**RECORDS FOR THE EXERCISE:**
---

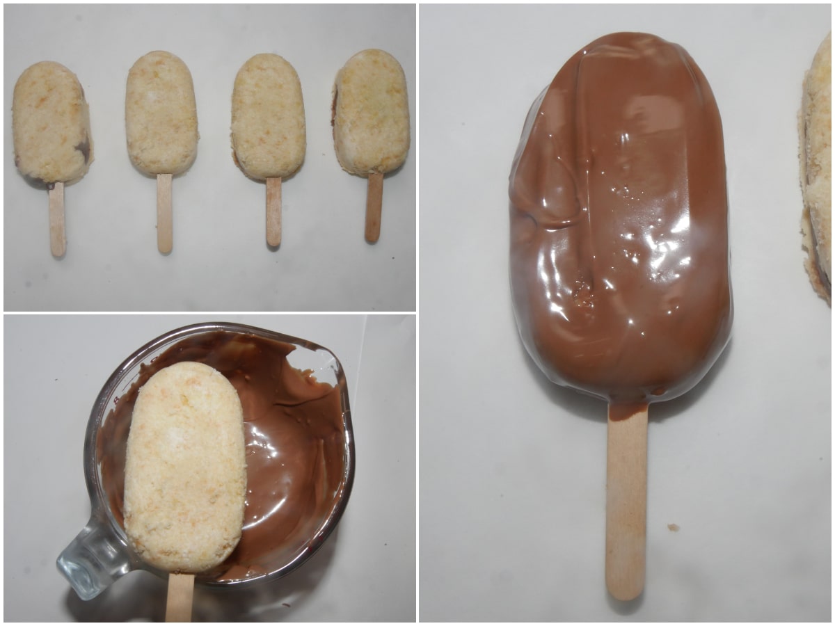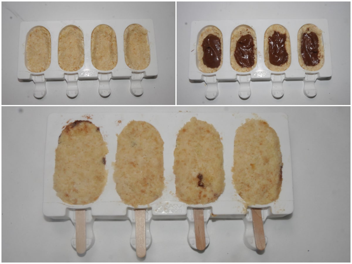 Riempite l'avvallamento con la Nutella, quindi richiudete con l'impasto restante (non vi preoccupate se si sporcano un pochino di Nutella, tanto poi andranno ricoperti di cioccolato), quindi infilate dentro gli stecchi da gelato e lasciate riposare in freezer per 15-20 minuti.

---

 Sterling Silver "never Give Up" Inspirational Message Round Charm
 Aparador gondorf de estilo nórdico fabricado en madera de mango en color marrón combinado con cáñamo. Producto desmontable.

---

**REQUIREMENT:** From the material above, set down exactly the lines between the line holding "Message Round Charm" and the line holding "Aparador gondorf de", inclusive. Include nothing else.

**TASK OUTPUT:**
 Sterling Silver "never Give Up" Inspirational Message Round Charm
 Aparador gondorf de estilo nórdico fabricado en madera de mango en color marrón combinado con cáñamo. Producto desmontable.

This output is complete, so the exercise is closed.